Supervision Protects Everyone Involved

One thing I have learned over the years as a foster parent is that I must be flexible. 

To be sure, I never know when a child will arrive or leave my home, as there is often very little notice in either regard.  In the past few months, I have seen the number of children in my home go from six to nine and then down to seven. 

As I write this, we currently have eleven children in our home; three biological, three adopted, and a sibling group of five children from foster care.  Now, if you believe we are a group home, this is not correct.  Emergencies crop up, and my wife and I simply have a difficult time saying no.  Fortunately, the addition of several of these is for respite purposes.

As you can imagine with eleven children, it seems that all my wife and I do is clean, wash, and supervise. 

The cooking is nonstop, the washing of dirty clothes is around the clock, and the supervision is often done with one eye towards one group of children, while the other eye is watching out for the others. Is it pandemonium in our house?  Perhaps.

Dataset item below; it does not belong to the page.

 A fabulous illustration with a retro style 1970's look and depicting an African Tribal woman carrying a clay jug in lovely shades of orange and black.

Is it a house that is never fully clean? 

Without a doubt. 

Is it a house full of love? 

Absolutely!  

At the moment, my wife and I seem to be burning both ends of a candle stick right now, and we are a little tired.  Just a little, mind you. 

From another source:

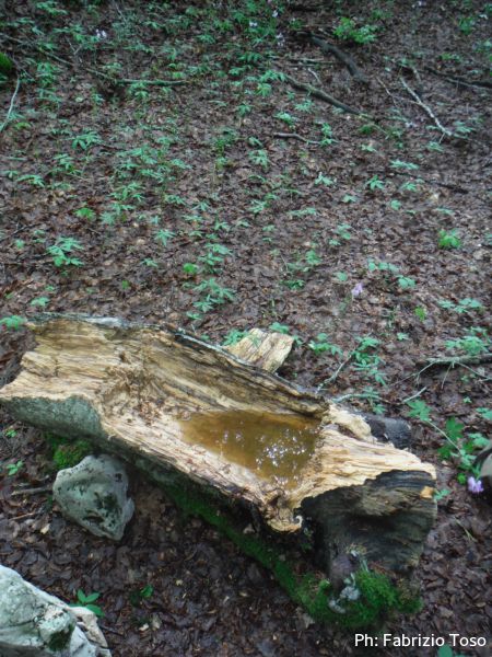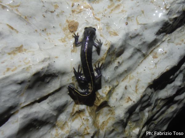 Quando lo stillicidio inizia a diventare piu’ fastidioso, c’e’ il frazionamento spostato dalla verticale che risolve un poco, ma non troppo. Piu’ si scende e piu’ lo stillicidio diventa intenso. Arrivo alla cengia dove, in prossimita’ del deviatore, c’e’ la lesione alla corda . Mi metto comodo poi osservo la corda, la calza e’ troppo rovinata, non c’e’ altra scelta se non tagliarla e giuntarla ad un nuovo frazionamento. Mentre faccio queste considerazioni sono in piedi sulla cengia. Inizio a guardarmi intorno per cercare un buon punto dove frazionare. Guardo anche verso il basso perche’ ho notato un sasso strano. Caspita! Non e’ un sasso. E’ uno strano animaletto nero, una salamandra, penso. Provo a toccarlo ma quasi non reagisce. E’ un animale di superficie, probabilmente qua morira’. Verifico tra me se posso portarlo fuori. Purtroppo non ho un contenitore rigido dove metterlo. Nel taschino della tuta lo schiaccerei e lo stesso sarebbe se lo mettessi nello zaino. Non potendo fare altro lo sposto di lato almeno evitero’ di calpestarlo durante le mie manovre.

Yet, as exhausting and as grueling as it can be with so many children in our home, and with so many emotional issues and challenges, one thing we have to be consistent in is with supervision.

Supervision of your foster child is a must at all times. 

You will be held responsible for his whereabouts and safety, and may be held accountable if he should come to harm. 

It is not only important that you know where your foster child is at all times, it is essential.  If your foster child should wish to visit a friend’s house or another home, do a thorough check of who lives there, the environment he will be in, and the level of safety and supervision he will be under.  Be sure to call the parents of the home he wishes to visit; not only to ensure that the environment is a safe one, but to express any concerns about your foster child you might have with them.  If you feel that the friend’s home environment is not a safe one, do not be afraid to say no to the foster child. 

After all, you will also need to be certain that all after school functions he participates in are closely supervised, as well, before giving him permission before he takes part.

The supervision of your foster child is also necessary in your own home, as well.  Like many children, it might be unwise to allow him to play unattended at any one time.  If he is in his room playing or even napping, make sure that his door is open, if just a little bit.  From time to time, check in on him, and make certain that he is okay and not doing anything that you would disapprove of.  If he is in the back yard, make sure that he will come to no harm out there by stray animals, sharp objects, unwelcome visitors, or by simply wandering off by himself. 

Again, you will wish to periodically check in on him from time to time, while he is outside.  If he is rather young, you will want an adult out there with him, at all times. 

Whether he is inside your home or outside, make certain that there are not too many places where he might hide himself.  Some children might escape into a world of imagination and fun by hiding, while others might hide in an attempt to escape the harsh realities they have faced, or do so out of anger and resentment towards an adult.  Make sure you know the locations of all the places your foster child might hide, and try to eliminate as many of these as possible.

Sexually active children        
You may foster a child that has been sexually active in the past, due either to his own choices, or one that has been sexually abused by others.  Perhaps the child is currently sexually active, or is one who has been exposed to sexual behavior prior to his placement within your own home. 

Whatever the scenario, you must take extra diligence in protecting yourself from false allegations and possible accusations from the child. 

Whenever you are in the same room with a foster child who has sexually related problems, it is imperative that you have another adult in the room with you, at all times, or at the very least, nearby and within listening distance. 

This will not only protect you as a foster parent, but it will protect your child from making any false accusations. 

Disturbingly, those children who have been previously abused sexually are more likely to become a victim of sexual abuse again.  If your foster child should make a new allegation that he was sexually abused, take these seriously, and report them to your caseworker immediately, and without hesitation.  Even if he has a history of making false accusations, it is your duty and responsibility as a foster parent to protect him from harm.  By reporting all accusations from him, you are also protecting yourself, as well.

As a parent, you have your own approach for disciplining your own biological children.  

These methods may have to be different, though, for your foster child. 

When disciplining your foster child, you may have to come up with different methods of discipline, in order to protect yourself. 

Quite simply, you are never allowed to use any form of corporal punishment on a foster child.